Ferkans — Interactive Telecom Tutor

Why Matrix Multiplication Is Not Enough

Chapters 5 and 6 gave optimal coded-computing schemes for matrix multiplication and gradient aggregation. The obvious question is: what about convolutions? What about general multivariate-polynomial tensor operations? Modern ML workloads are dominated by these: convolutions power every CNN layer; higher-order tensor contractions appear in attention mechanisms and in Einstein-summation-style ops. If coded computing cannot handle them, its practical impact is limited.

The point is that the polynomial-code framework extends naturally to these operations. The key generalization is to encode inputs as polynomials whose product (or, more generally, composition) has the desired output blocks as coefficients. For convolutions, this is the Yu / Maddah-Ali / Avestimehr "entangled polynomial code" (§8.2). For arbitrary multivariate polynomials, this is the Lagrange Coded Computing framework of Yu / Raviv / Soleymani / Avestimehr (§8.3).

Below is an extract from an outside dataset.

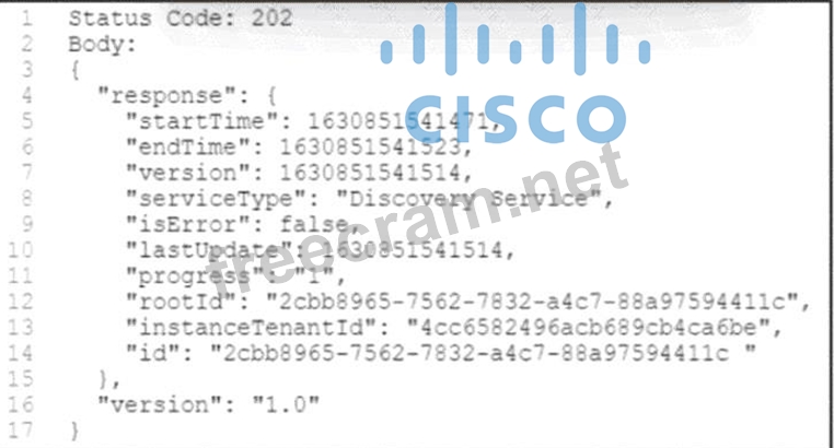 Refer to the exhibit. A POST /discovery request spawns an asynchronous task. After querying for more information about the task, the Cisco DNA Center platform returns the REST API response. What is the status of the discovery task?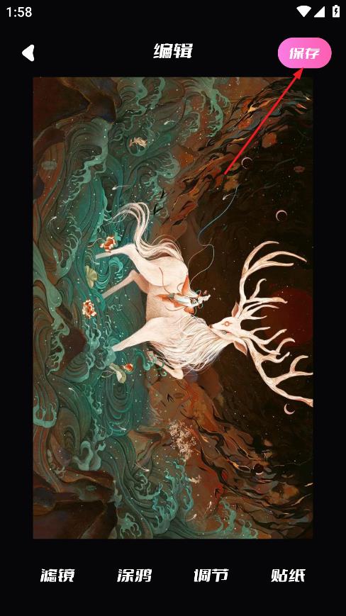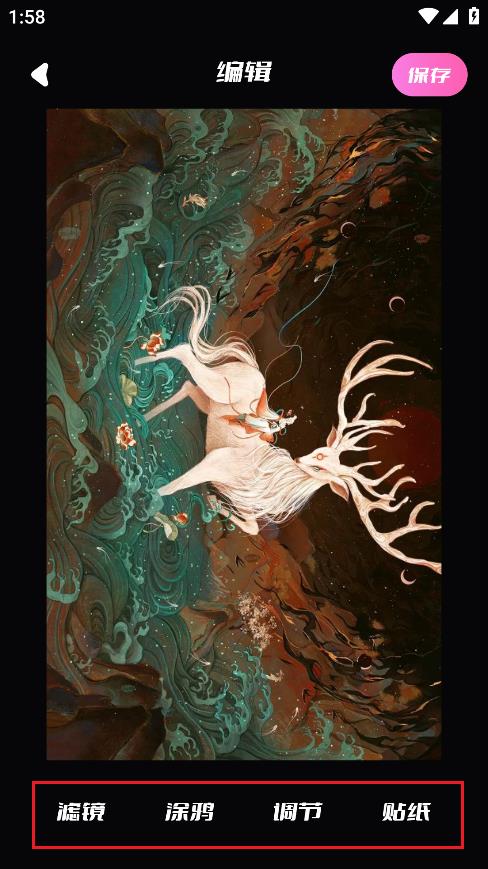 2.选择好要添加的壁纸后,并设置好、滤镜、涂鸦、调节、贴纸等。

The extensions have finite limits: coded computing handles polynomial (multilinear) operations well, but non-polynomial operations (ReLU activations, softmax) require approximations or hybrid approaches. Section 8.4 closes the chapter with these limitations and open problems.

Definition:
Convolution as Polynomial Multiplication

For vectors $\mathbf{a} = (a_0, \ldots, a_{d-1})$ and $\mathbf{b} = (b_0, \ldots, b_{d'-1})$ over $\mathbb{F}_q$ , the linear convolution $\mathbf{c} = \mathbf{a} * \mathbf{b}$ is the vector of length $d + d' - 1$ with entries $c_k = \sum_{i + j = k} a_i b_j, \qquad k = 0, 1, \ldots, d + d' - 2.$ Equivalently, defining generating polynomials $p_{\mathbf{a}}(x) = \sum_i a_i x^i$ and $p_{\mathbf{b}}(x) = \sum_j b_j x^j$ , the product $p_{\mathbf{a}}(x) \cdot p_{\mathbf{b}}(x) = p_{\mathbf{c}}(x) = \sum_k c_k x^k$ has the convolution output as its coefficients.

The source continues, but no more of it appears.